First, ensure you have the fasttext library installed. If not, execute the command pip install fasttext-wheel in the terminal.

Warning

Be aware that running this in a Jupyter environment might encounter memory issues, so it’s recommended to either run this locally or reach out to Roseman Labs if you encounter issues.

import fasttext
import numpy as np
import pandas as pd
import crandas as cd

# Uncomment the following 4 commented lines and change their value to set these session variables if not in a jupyter hosted by Roseman Labs

# from crandas.base import session
# from pathlib import Path

# session.base_path = Path('base/path/to/vdl/secrets')
# session.endpoint = 'https://localhost:9820/api/v1'

# Show which version of crandas is being used (needs to be v1.7.0+ for this tutorial)
cd.base.session.version

Next, we’ll define two functions, load_model and get_word_vector.

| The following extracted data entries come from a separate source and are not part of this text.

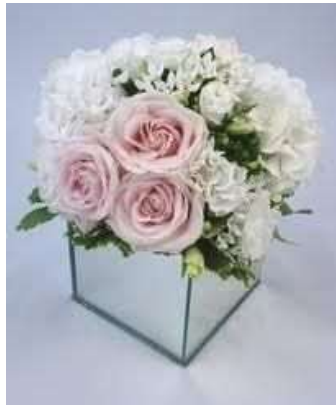
Mirrored Cube Vase
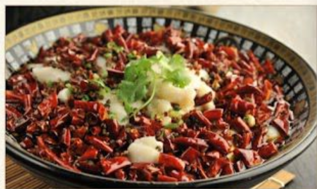
沸腾鱼/乌鱼 $39.9 / $47.9 Chef's Special Bass Fillets or Snake-head Fillets in Hot Chili Oil
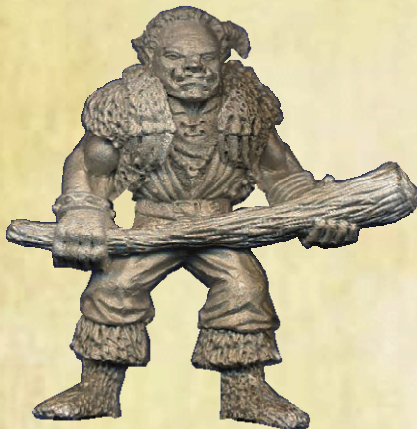
Torgak, Troll w/ Club Heartbreaker ED-349
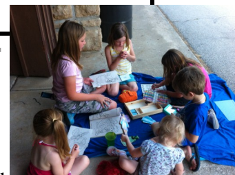
Above: Children playing during the evening service.
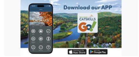
Ad Name: Sullivan Catskills GO Campaign Campaign Name: Sullivan Catskills GO Campaign
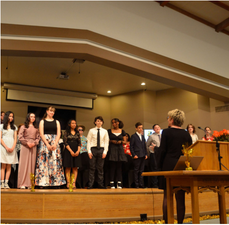
8th Grade Promotion Ceremony
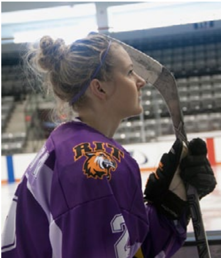
(RIT DIFD Continued from Page 11)

“The DIFD organization certainly hits close to home within the hockey community. We are hopeful to spread the positive message throughout the Rochester community.
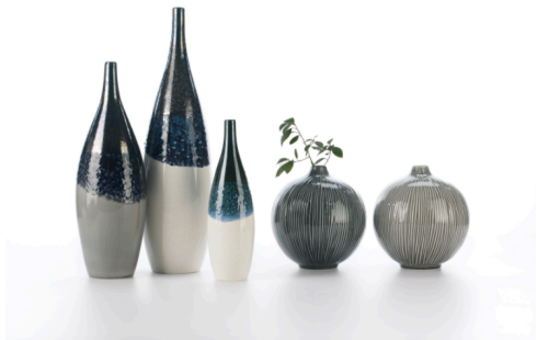
Alpes | Reactive Glazes
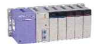
Industrial Control Systems & Products ( PLC)
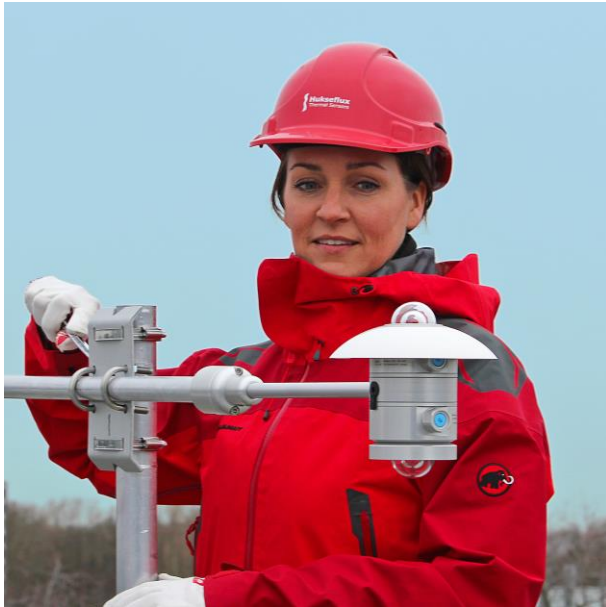
Figure 4 an albedometer being installed with its rod mounted securely to a mast thanks to ALF01 levelling fixture and CMF01 crossarm mounting fixture

CMF01 is made of high-quality metals, allowing installations in all climates and weather conditions. It is delivered with u-bolts and tube clamps. The user should provide his own crossarm and instrument(s). The latter can be ordered separately at Hukseflux.
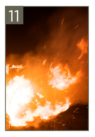
What year did the fire break out in the central part of the castle?

Well done! Now you can collect your free sticker from the steward.
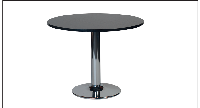
TABLE: „TISCH NINO LOW“
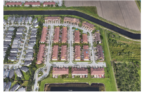
Built in 2008/2013 - 113 units - 2 floors
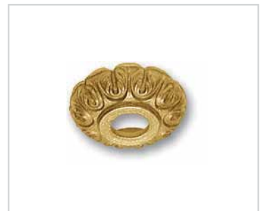
18-037 Ø32 x H10 foro/hole Ø10,5 piano sopra/round flat Ø14
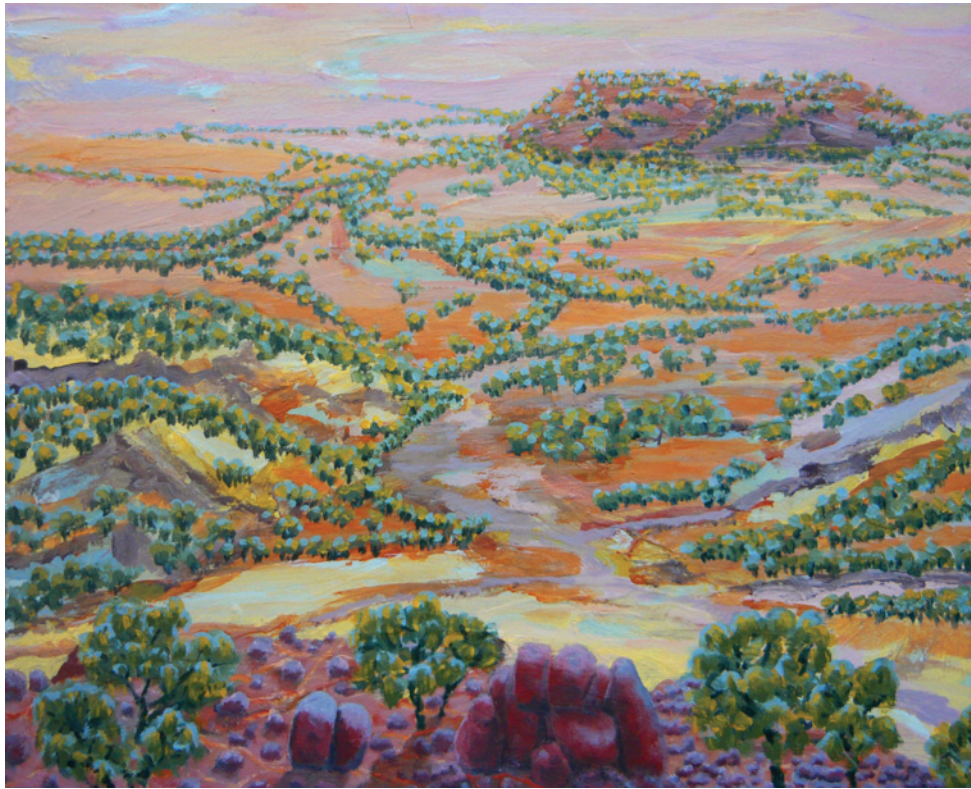
John Barnes Meeting Place 2008 acrylic on plywood 60 x 74cm

“ Can the materials and processes of landscape-focused studio research, structured on an experiential foundation, act as a portal of connection with nature for an arguably disconnected humanity? ”
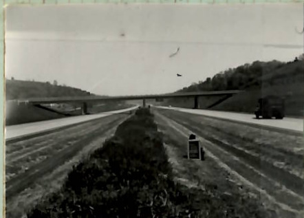
Rear Lkq. Hhd. 5-24-67

The load_model function will load a pre-trained model from the specified file. If the file does not exist or an invalid model is provided, it will train a new model using specified parameters. Once the model is trained, it is saved for future use.

The get_word_vector function will return the word vector of a given word. In binary mode, it returns an integer list representing the sign of each element in the vector. In integer mode, it rescales the vector and returns an integer list.

def load_model(model_filename):
    try:
        model = fasttext.load_model(model_filename)
    except ValueError:
        # train the model
        # parameters taken from: https://blog.reachsumit.com/posts/2020/07/spell-checker-fasttext/
        model = fasttext.train_unsupervised('../../data/fuzzy_data/wordlist.txt', wordNgrams=1, minn=1, maxn=2, dim=300, ws=8, neg=8, epoch=4, minCount=1, bucket=900000)
        # cache the trained model
        model.save_model(model_filename)
    return model
def get_word_vector(word):
    # evaluate the model and rescale & convert the vector to integer elements
    v = model.get_word_vector(word)
    if binary_mode:
        # courser approach
        return np.sign(v).astype(int).tolist()
    else:
        l2norm = np.linalg.norm(v)
        return (scaling_factor * v / l2norm).astype(int).tolist()

Finally, the main part of the script defines the mode of operation (binary or integer), loads the model, defines two dataframes with similar but slightly different names (e.g. Samuel Vimes /Vamuel Simes), uploads these CDataFrame to the VDL, and applies the fuzzy matching operation.

After matching, the script performs an inner join on the matching keys and displays the result.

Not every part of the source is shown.